When he ran away, the dogs from all over barked at hm because they didn’t know he existed until then. He was always there and nobody knew except us. Everywhere he was lost.
We scoured the streets calling his name. We asked strangers. It was a time when words lost their connections to their referents. I remember sitting at our door-sill, waiting for any shuffle of feet, any bark.
8.
I believe, sometimes, that I am a good man.
9.
I remember
looking at trees.
I remember
Not looking at trees.
10.
In this world there are two types of things that make people happy: the first type pleasures the self directly (e.g., food, sex), while the second pleasures the self only after directing pleasure to others (e.g., clothes, shoes). The first gives solitary joy, the second social. There are exceptions — items that belong to both lists (e.g., beauty) or to none. This is only my observation.
To illustrate beauty: the size of my sex, at rest, is x inches. In the presence of a beautiful woman, longer (beauty elongates matter to fullness). The woman, in turn, now conscious of her erotic effect, will surprise herself with a sudden flush of happiness in the form of two hard nipples, pink like sunrise.
Another observation: a recluse is selfish with his joy, without care for clothes or shoes.
Another observation: dust collects itself out of nowhere.
11.
The history of my spirit: I don’t have a spirit, and borrow only from the air.
12.
The earth accommodates 6,398,649,394 human beings on 148,380,000 square kilometers of land. If these people were spread equally, there’d be a distance of 152.279 meters between each of them, give or take some. This is the average amount of solitude the world allows by distance. When a person dies, everyone in the world is allowed more remove from everyone else. Thus, the resultant sadness. When a person is born, everybody is closer to everybody else.
“I am waiting only for death,” said my grandmother one late afternoon in June.
I said to myself: “So this is the world.”
Some people are born diabetic: my grandmother hid chocolates in her purse and ate them when nobody was looking. The church, in the person of the priest, visited her every week. And the TV was always on. Once she thought aliens were invading the earth. It was a movie. She was really scared.
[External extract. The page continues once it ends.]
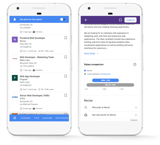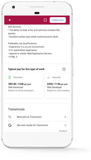 Im Juni haben wir eine neue Version angekündigt, mit der Stellensuchende jetzt die praktische Google Suche nutzen können. Heute machen wir den nächsten Schritt zur Verbesserung der Jobsuche bei Google. Wir fügen eine Funktion hinzu, die neben den Stellenausschreibungen auch Gehaltsschätzungen aus dem Web anzeigt. Außerdem fügen wir neue UI-Funktionen für Nutzer hinzu.

I said to myself: “So this is the world.”
13.
I will make a list of things I don’t know:
1) God’s first name
2) The color of a leaf
14.
In 1982 my mother was rivetingly beautiful. She had hair down to her hips. And red lips, too — a cunning innocence. But in the 1970s her pictures were black-and-whites only, and the sky was the color of a lie. I have asked myself many times: How many colors did she need to believe in the world? How many to reproduce beauty? How many so it can last?
15.
Said Gandhi: “If I had no sense of humor, I would long ago have committed suicide.”
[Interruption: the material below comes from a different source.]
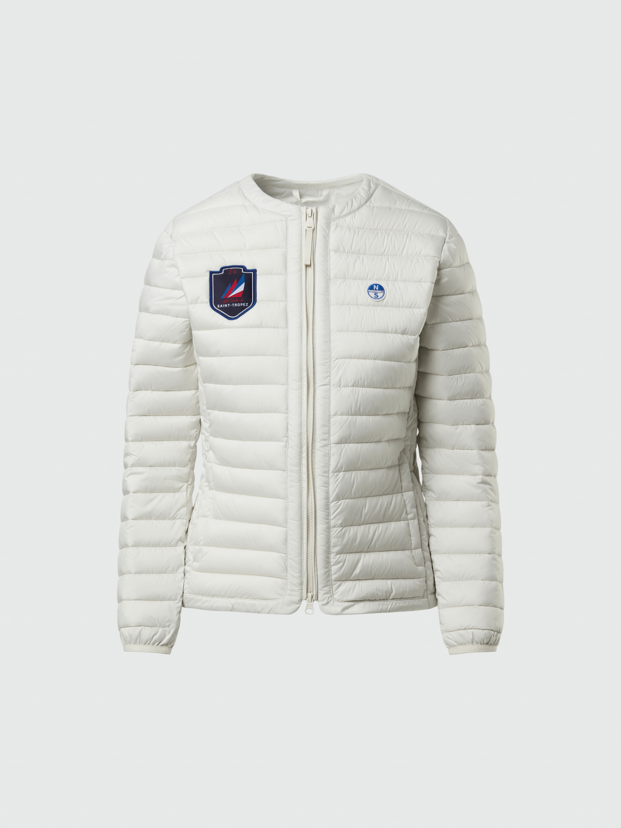 Veste matelassée à col ras-du-cou pour femmes, conçue en polyester mat recyclé de la collection Les Voiles de Saint-Tropez, orné d’un écusson de la régate 2024.

I will be honest: I am a very funny person sometimes.
16.
In my uncle’s backyard where his chickens roamed free, I would search around for eggs. I loved newly laid eggs, especially the little brown ones with white spots. And if I was lucky — they are still warm.
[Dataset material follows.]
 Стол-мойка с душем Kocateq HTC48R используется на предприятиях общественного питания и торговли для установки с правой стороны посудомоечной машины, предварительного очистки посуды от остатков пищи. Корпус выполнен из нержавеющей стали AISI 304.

Once I find one I would wrap my fingers around it and close my eyes. It was like holding life in your own — hands-your own life. Then I would put the egg back where I found it, and it was over.
17.
I will be honest: I love the world and I am curiously happy. Nobody knows this because nobody knows. I would tell you about the time I grew my hair past the norm but I don’t remember much about it because it never happened. This is another story. The world is incomplete and in a game of poker I lost all of my body-hair to a monkey. I will be honest: the sun is a flashlight and some divine idiot is checking on us once in a while in this eternal blackout. Watch out for me, my brothers! Before the next war I will be smug in my coffin wearing formal attire. I have been known, you know, to dress up extravagantly for such grand occasions.